We almost got it right in the immediate aftermath of 9/11, when the Bush administration dispatched capable military means to punish our attackers and those who gave them refuge. Then, on the threshold of success, doubts set in: Were we too reliant on violence? If we simply abandoned a reeling Afghanistan, wouldn’t our enemies just reconstitute? Might we not turn that resolutely primitive country into a prosperous, merry democracy that eagerly embraced our obviously superior values?

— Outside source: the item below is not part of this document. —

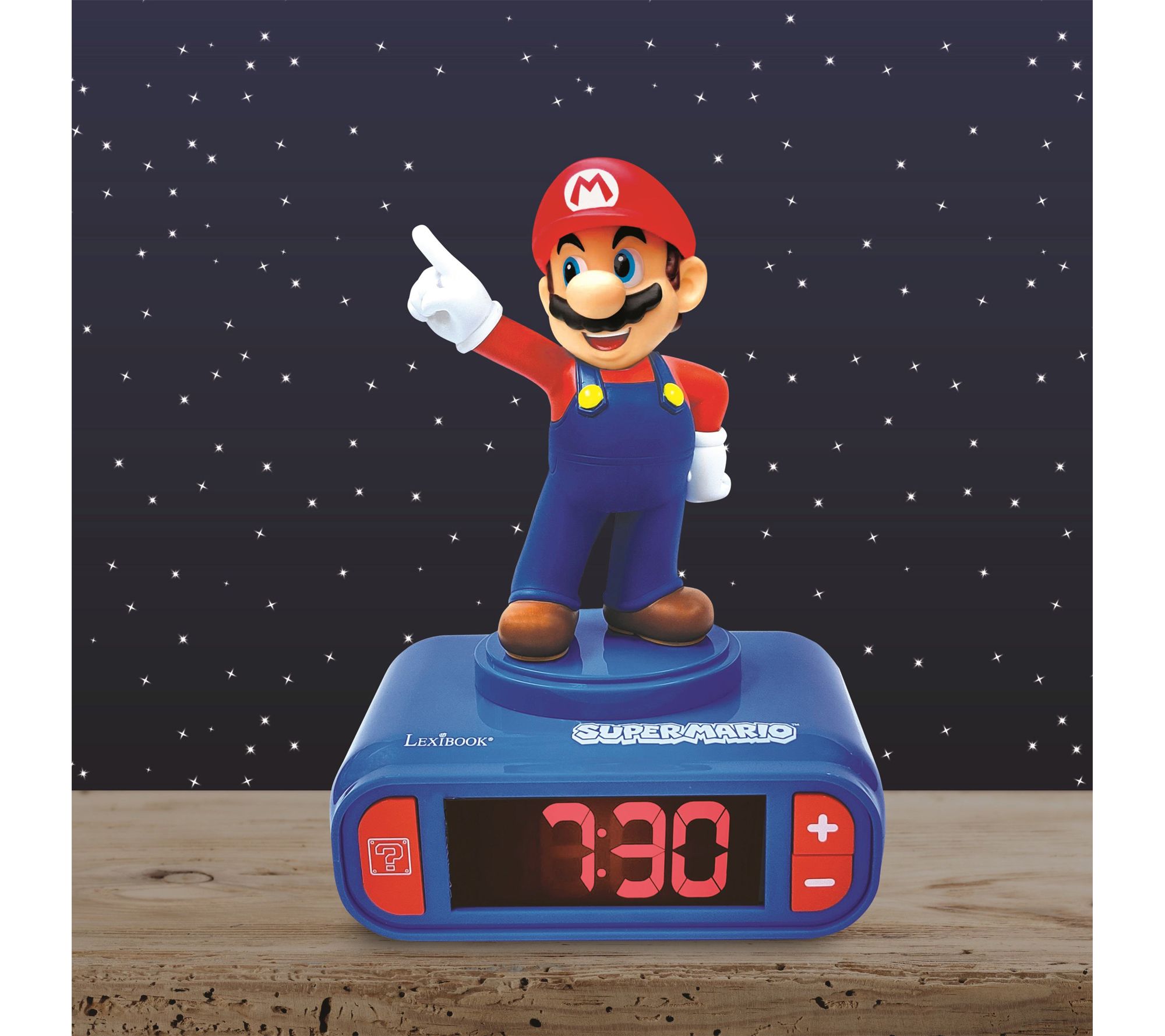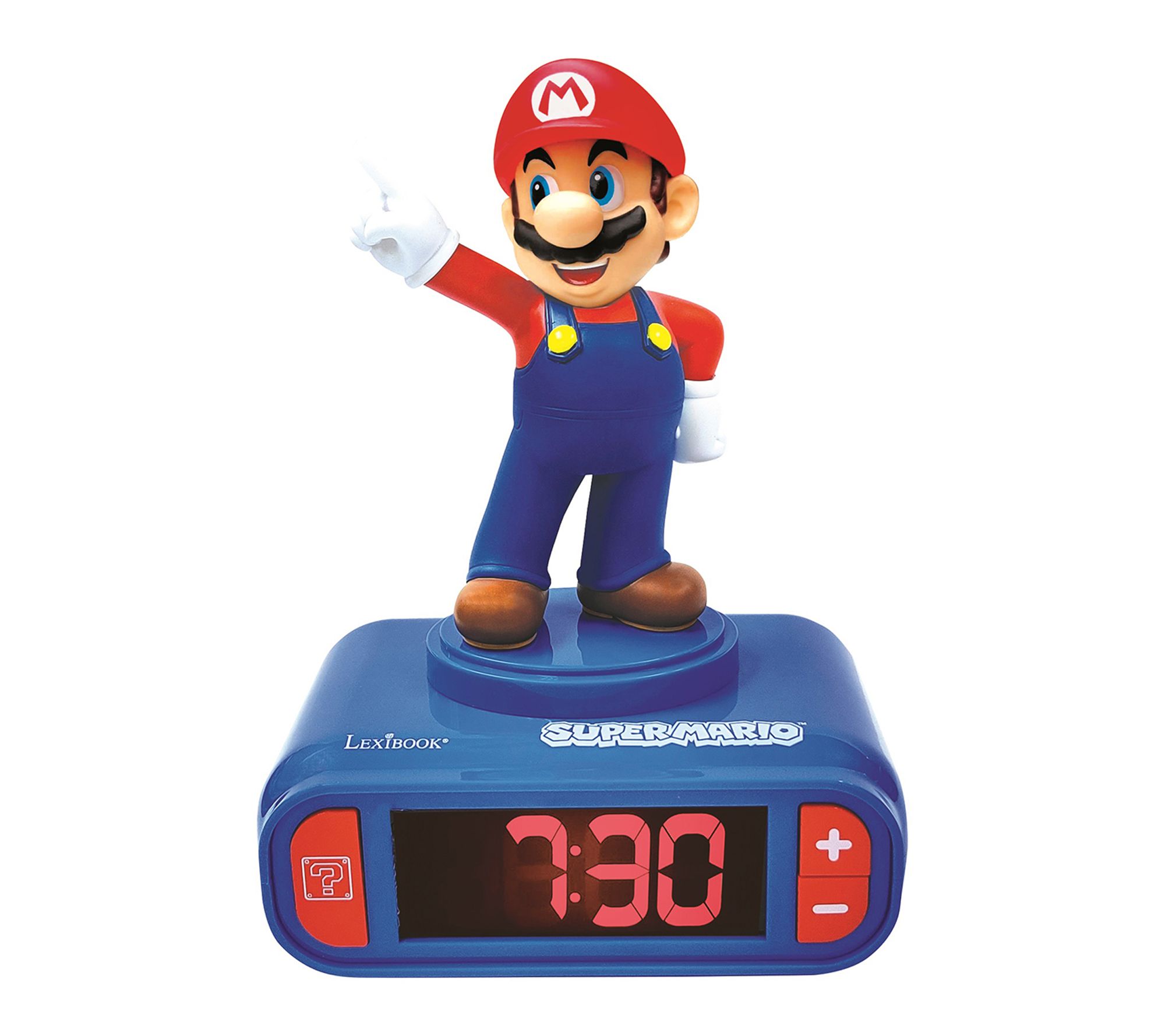 Start every morning with a smile when you wake up to this fun alarm clock featuring a Mario figurine and playful sound effects. The LCD backlit screen makes it easy to check the time, while a choice of Mario-inspired ringtones and a snooze function add excitement to your daily routine. From Lexibook.

And so we spent twenty years insisting that the impossible was possible, while spilling more of our own blood in dead and wounded than the attacks on the Twin Towers had cost us, all in a doomed, willfully ignorant effort that corrupted those on whom we hoped to rely and ultimately rewarded those whom we meant to destroy.

Even more costly and equally hallucinatory efforts in Iraq soon followed.

For the moment, we are at least temporarily sober when it comes to occupations of brutal populations immune to our fastidious ethics, but the region’s endemic problems remain. Of necessity, not preference, we are developing techniques for post-modern, as well as neo-traditional, punitive expeditions (although we will not use the word “punitive,” of course). Boots on the ground incursions will be proportionately fewer, but our naval and air response to Yemen-based Houthi attacks in the Red Sea hints at a new willingness to actually punish barbarous opponents. We shall see how far our military has the appetite and our leadership the resolve to go—at present, we are striking only military targets, but successful punitive expeditions spread the pain.

If our enemies do not suffer profoundly, they will continue to inflict all the damage they can upon us. Another lesson—which we refuse to learn—is that superficial humanitarianism that limits military effectiveness in the short term guarantees that violent conflicts will sprawl and continue, with greater losses on all sides in the long term.

If you want to stop the violence, stop the violent.